Where the records below reach the line containing "The G667 is", start transcribing, and end with the line containing "непрозрачный картонный конверт.", exactly and with nothing else added.

- [Data]
>>
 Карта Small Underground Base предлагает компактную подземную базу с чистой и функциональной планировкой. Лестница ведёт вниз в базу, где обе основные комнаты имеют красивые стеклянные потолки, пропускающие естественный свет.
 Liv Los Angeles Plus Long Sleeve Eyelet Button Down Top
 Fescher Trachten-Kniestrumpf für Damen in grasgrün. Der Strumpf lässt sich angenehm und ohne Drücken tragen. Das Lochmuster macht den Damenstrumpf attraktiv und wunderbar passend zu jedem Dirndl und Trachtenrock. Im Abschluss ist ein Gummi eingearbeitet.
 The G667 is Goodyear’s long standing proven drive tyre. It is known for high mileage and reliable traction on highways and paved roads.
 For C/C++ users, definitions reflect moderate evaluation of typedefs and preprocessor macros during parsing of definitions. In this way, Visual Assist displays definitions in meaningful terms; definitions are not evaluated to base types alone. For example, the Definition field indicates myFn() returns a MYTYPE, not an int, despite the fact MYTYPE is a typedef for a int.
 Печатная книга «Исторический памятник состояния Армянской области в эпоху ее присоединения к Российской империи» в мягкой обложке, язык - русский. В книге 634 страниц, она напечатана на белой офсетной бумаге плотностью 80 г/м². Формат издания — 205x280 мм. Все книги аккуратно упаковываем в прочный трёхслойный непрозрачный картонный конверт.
<<
>>
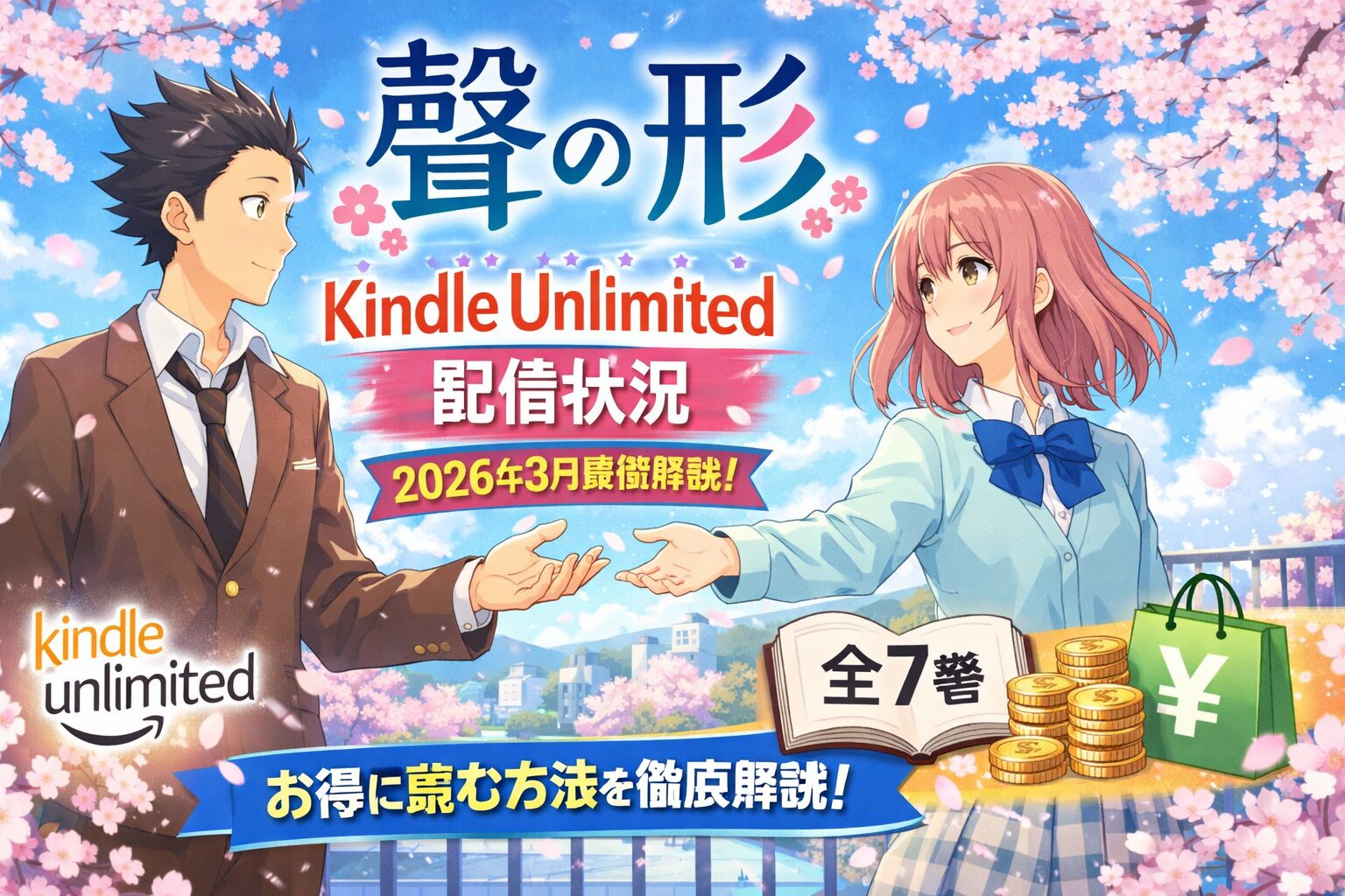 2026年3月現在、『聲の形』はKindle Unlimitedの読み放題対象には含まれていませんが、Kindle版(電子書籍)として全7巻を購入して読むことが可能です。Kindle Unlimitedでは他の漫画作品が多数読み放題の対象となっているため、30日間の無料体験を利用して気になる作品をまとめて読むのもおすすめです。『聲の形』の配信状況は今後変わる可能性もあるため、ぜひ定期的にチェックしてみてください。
<<
- [Answer for the task]
 The G667 is Goodyear’s long standing proven drive tyre. It is known for high mileage and reliable traction on highways and paved roads.
 For C/C++ users, definitions reflect moderate evaluation of typedefs and preprocessor macros during parsing of definitions. In this way, Visual Assist displays definitions in meaningful terms; definitions are not evaluated to base types alone. For example, the Definition field indicates myFn() returns a MYTYPE, not an int, despite the fact MYTYPE is a typedef for a int.
 Печатная книга «Исторический памятник состояния Армянской области в эпоху ее присоединения к Российской империи» в мягкой обложке, язык - русский. В книге 634 страниц, она напечатана на белой офсетной бумаге плотностью 80 г/м². Формат издания — 205x280 мм. Все книги аккуратно упаковываем в прочный трёхслойный непрозрачный картонный конверт.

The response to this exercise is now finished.